Are You Nitric Oxide Deficient? - Melchizedek
https://www.clinicaleducation.org/news/are-you-nitric-oxide-deficient-part-1-of-2/
======
labawi
> NO really is one of the most important molecules produced in the human body

This made me question how much they are embellishing or even making stuff up.

> NO has a half-life of about one millisecond,[4]

The cited study claims anything from "5s or less (Archer1993, Bates 1992,
Nathan 1992)" to "half-life has been reported to be 500 s (Winket al 1993)"
depending on circumstances.

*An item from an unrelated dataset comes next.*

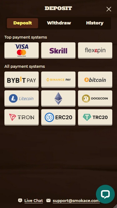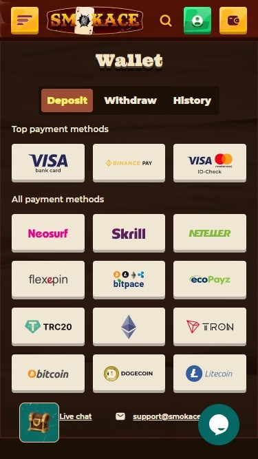 在 SmokeAce 賭場,您可以聯繫客服,對您的帳戶進行限制,這從長遠來看非常有用。如果您覺得自己的賭博行為失控了,我們建議您使用這些功能。

Highest reported NO concentration rate-of-change
in the study was when binding with added heamoglobin and even then was on the
order of seconds.

> We see ads for things like nitrite-free bacon or organically cured
> sausages—but this is deceptive marketing because we need nitrites to
> preserve meat, and there are no replacements for nitrites.

In our village, we have produces bacon and sausages for generations and never
added anything resembling nitrites. Add enough of plain salt, air dry at
reasonably cold temperatures and nothing spoils.

[4] Hakim TS, et al. Half-life of nitric oxide in aqueous solutions with and
without haemoglobin. Physiol Meas. 1996 Nov;17(4):267-77.